Heap dump shows 385342 instance of object ( roughly 4gb)

|Class|Instance Count|Total Size|
|---|---|---|
|class [B|385342|4072923618|
|class [C|867226|41676034|
|class org.elasticsearch.action.index.IndexRequest|138460|24507420|
|class org.elasticsearch.action.update.UpdateRequest|112640|17909760|

Our stack -
ElasticSearch 5.5.1
Java 8
Linux
Xmx=4G

Where could I be wrong with this ? Any suggestions are welcome

Did you split the bulk in small parts like updating 100 per 100 docs?

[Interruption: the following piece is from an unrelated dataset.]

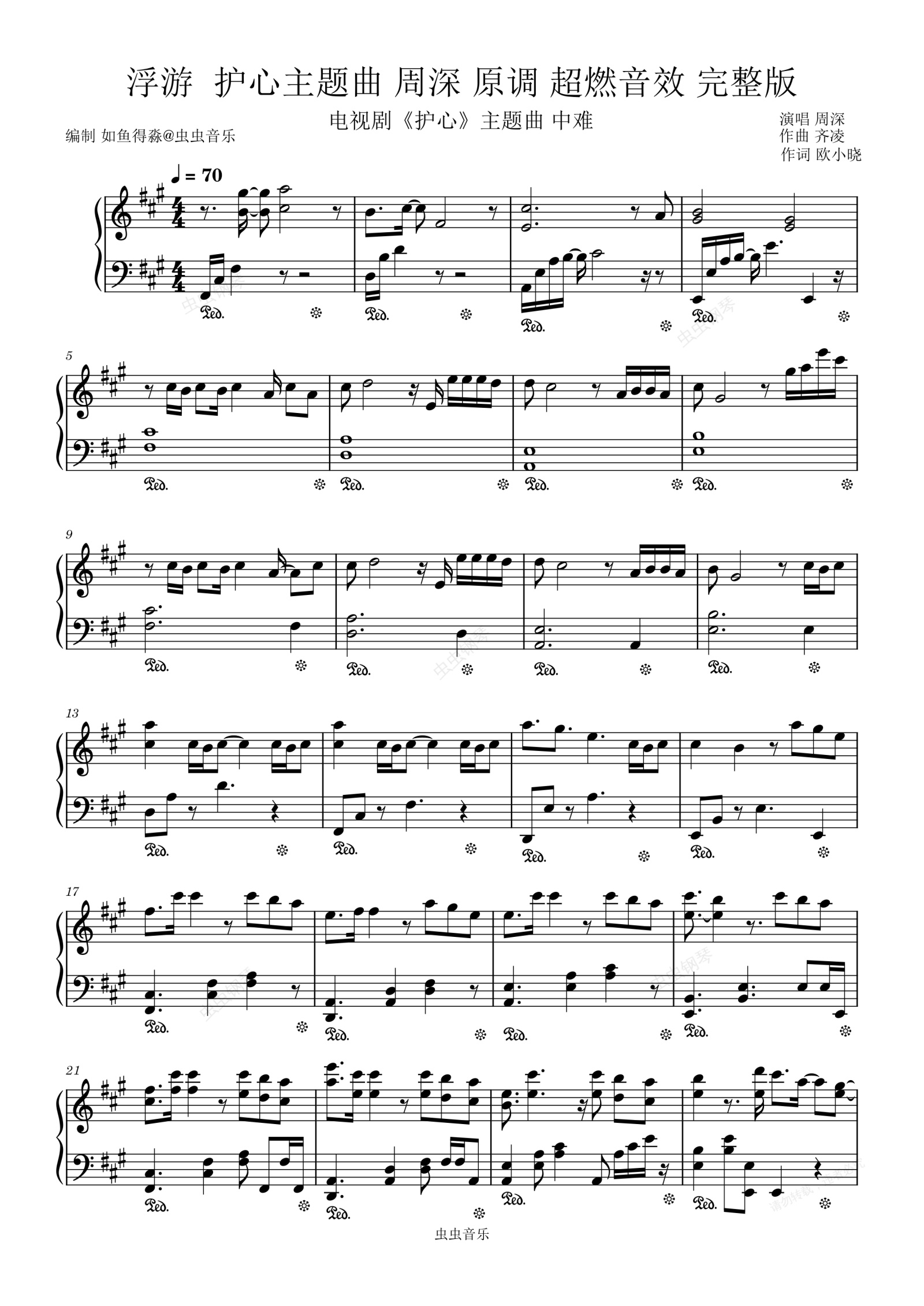 钢琴谱:浮游 护心主题曲 周深 原调 超燃音效 完整版

I tried splitting my file into 7k docs each but in that run also I got OOM after 40k update.
Is there any way to set bulk size through CURL or elastic property ?
Thanks

I tried splitting my file into 7k docs each

Start lower. Try with 100 docs...

Is there any way to set bulk size through CURL or elastic property ?

No. Some clients support that like the BulkProcessor class we provide in Java Rest Client but it's basically your responsability to split your entries into small bulk requests.

This topic was automatically closed 28 days after the last reply. New replies are no longer allowed.